How horrible. He was no doubt trying to stave off one of his own deepest fears, blackmail, by mocking it. Even worse than blackmail, of course, is exposure, which he is now facing. When you know his secret, the self-loathing on naked display in that clip is chilling.

And it's not as if this should have come as a huge surprise to anyone. Take a look at this painting by Thomas Blackshear:



Know where it's hanging? In the foyer of Pastor Ted's New Life Church. I don't know if he picked it out himself, but he certainly didn't object to it. And this is what the congregation sees when it comes in every Sunday. There are other Blackshears there too but this is the most homoerotic. Yeah, yeah, I know it's supposed to be Jesus lifting up a poor sinner weary with the evils of the world, but was it necessary to make it look like The Lord's starting to slip the guy's shirt off? Off of a guy who looks like he's thinking, if I just go along with this and don't say anything, it's gonna be really, really hot! Honestly, is this difficult for anyone to decode?

Man. I actually can feel some sympathy for Haggard, even though he brought it all on himself. But I feel terrible about his wife and kids. They didn't do anything wrong, except perhaps refuse to see the clues, but now their entire world has been torn to shreds. His kids were in the car for that agonizing TV interview Haggard gave, trying to sell that story about buying the crystal meth out of curiosity, but throwing it away before trying it. I can't imagine the misery of hearing your father try to save his skin with a pathetic lie like that. I expect any one of them could have come up with something more convincing if he'd just asked them for help.

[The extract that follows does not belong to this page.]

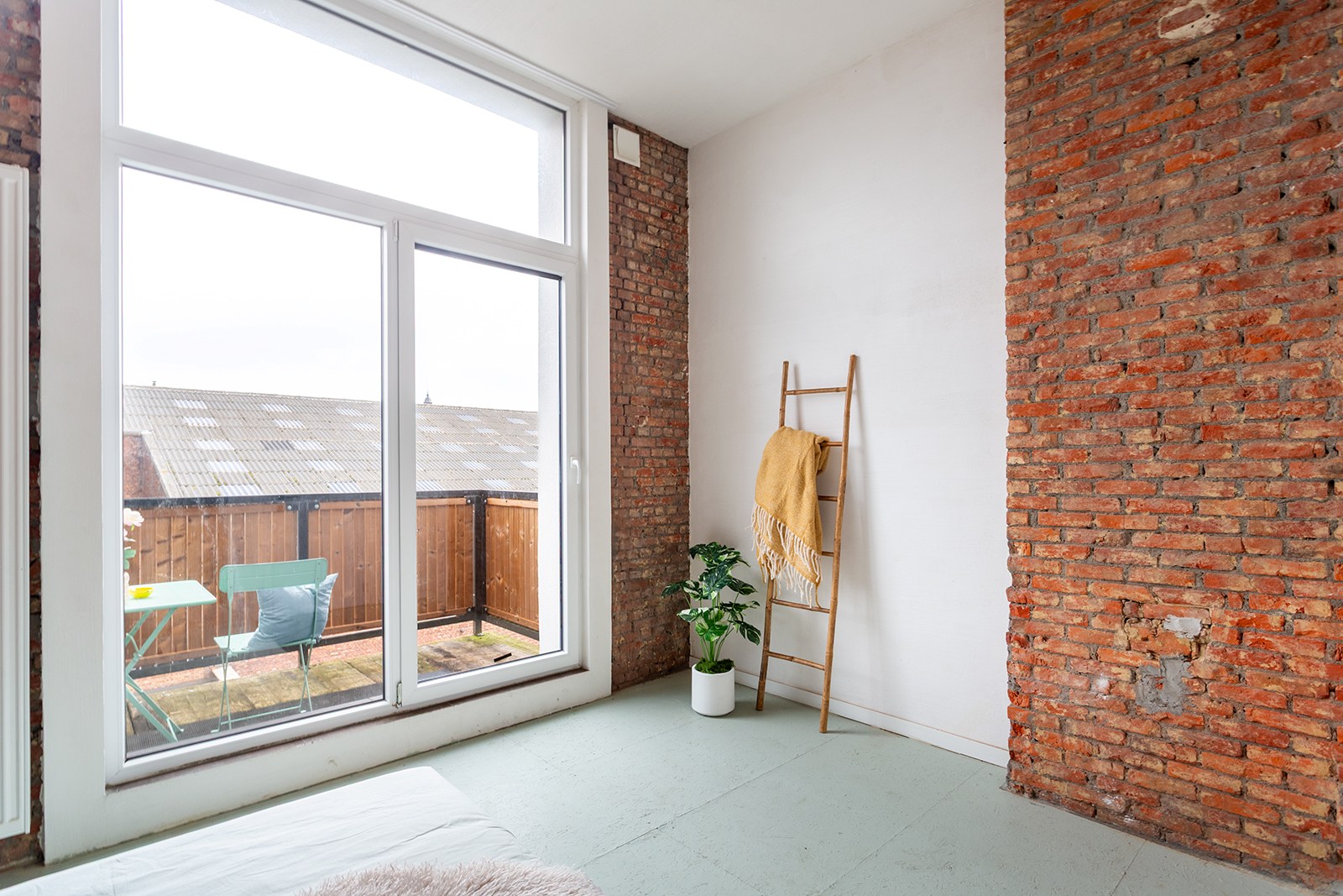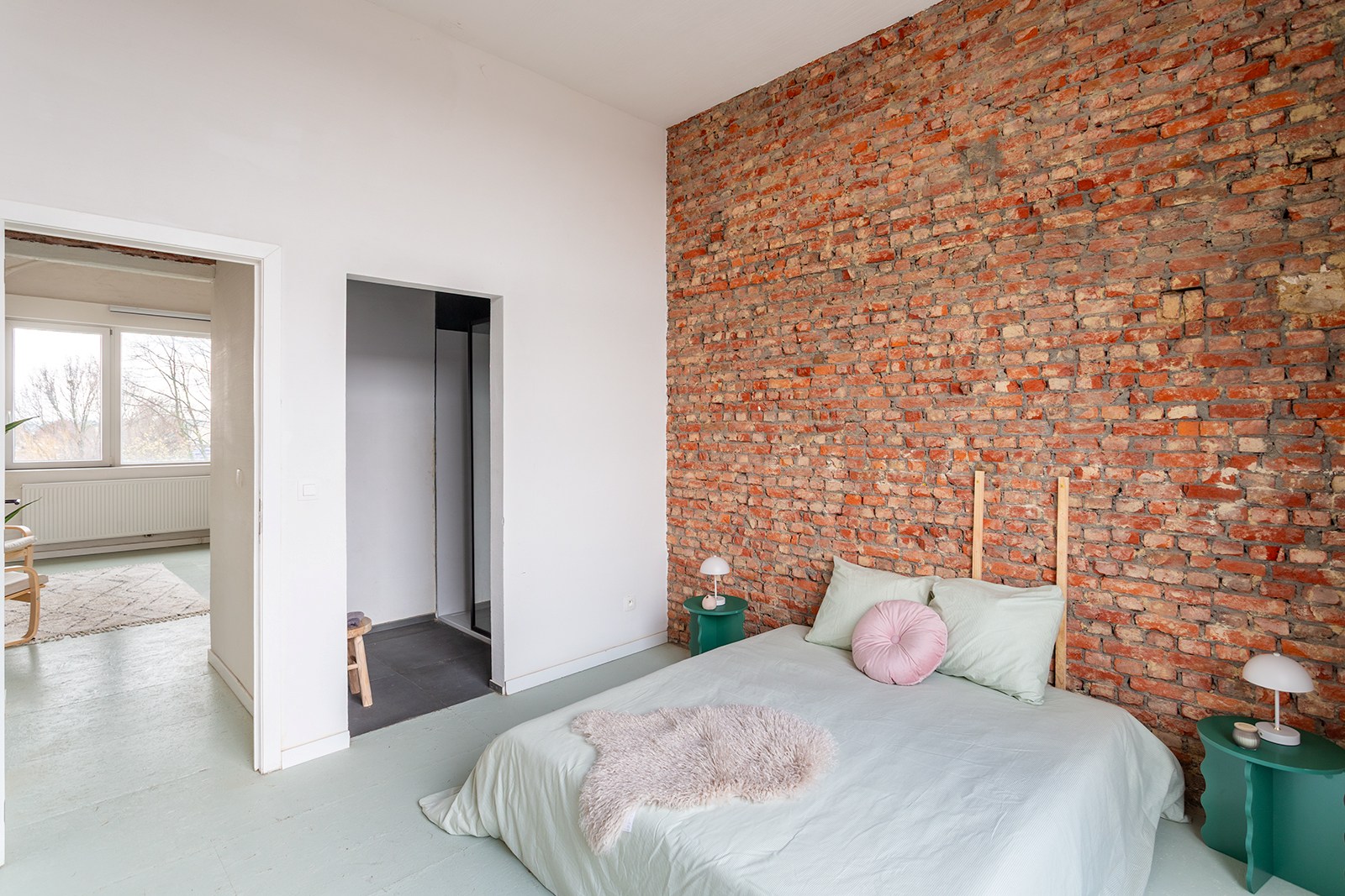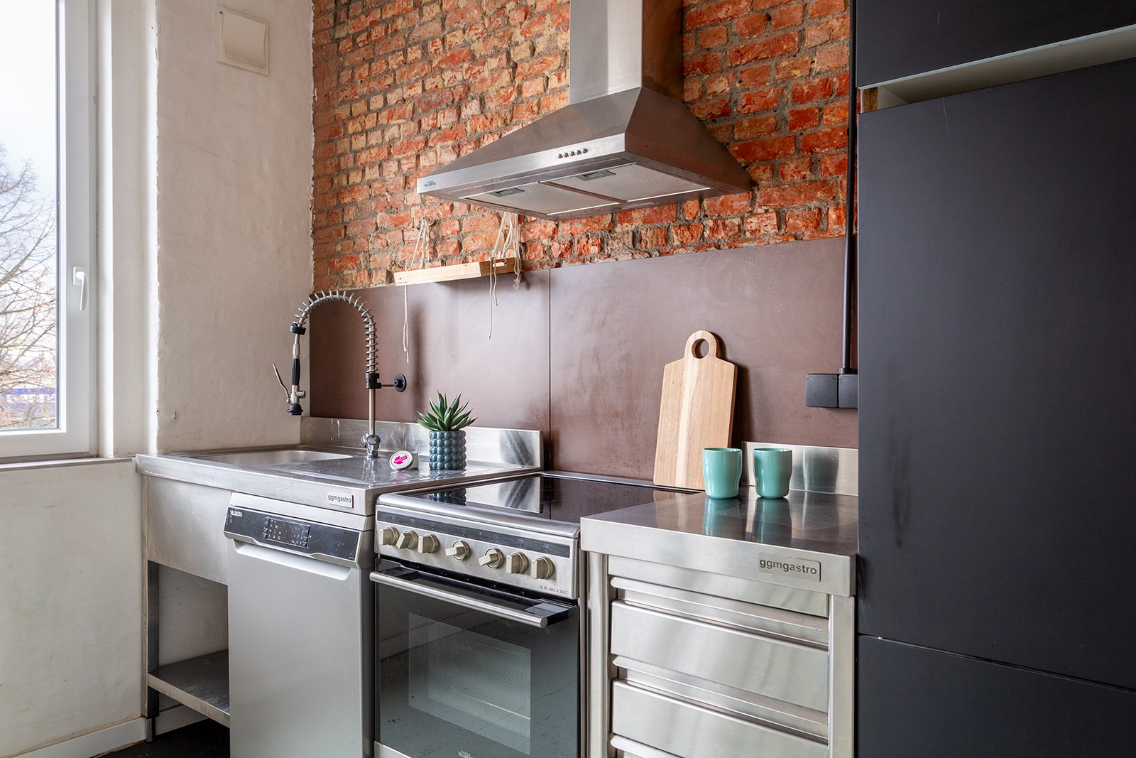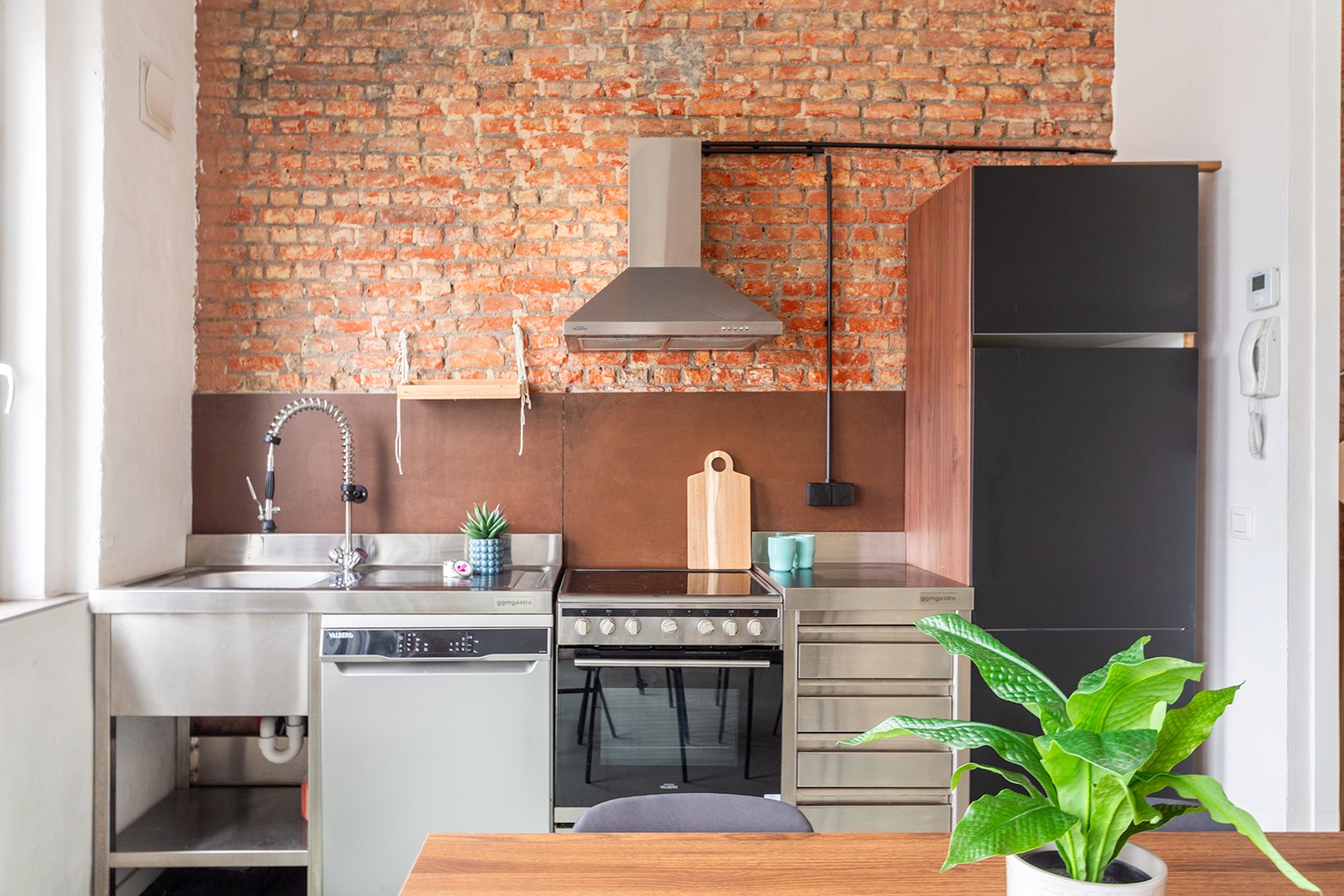 De lichtrijke leefruimte met open keuken biedt een aangename woon- en eetruimte. De keuken is volledig uitgerust en praktisch ingericht voor dagelijks gebruik. De karaktervolle bakstenen accenten geven het geheel een warme en eigentijdse uitstraling.

What this whole mess, as well as the Mark Foley scandal, just goes to show is the horrible destructiveness of the closet. The damage it does to people and families when someone is forced to try and be someone he is not. It is a terrible place, the closet, and I'm so glad I got out of it as early as I did.

Mark Foley. Pastor Ted. Can't get much worse for the political and religious right than that. And at the top, a president so delusional he thinks he can still persuade us things in Iraq are going pretty well, and getting better all the time. Plus a Republican Congress that became so addicted to raw power that it abandoned all pretence of bipartisanship, even shutting Democrats out of committee meetings. It's not supposed to work like that. Not to mention the incredibly blatant corruption, just raking in the cash.

I'm with Andrew Sullivan on this. If all goes well this won't just be an election. It will be an an intervention.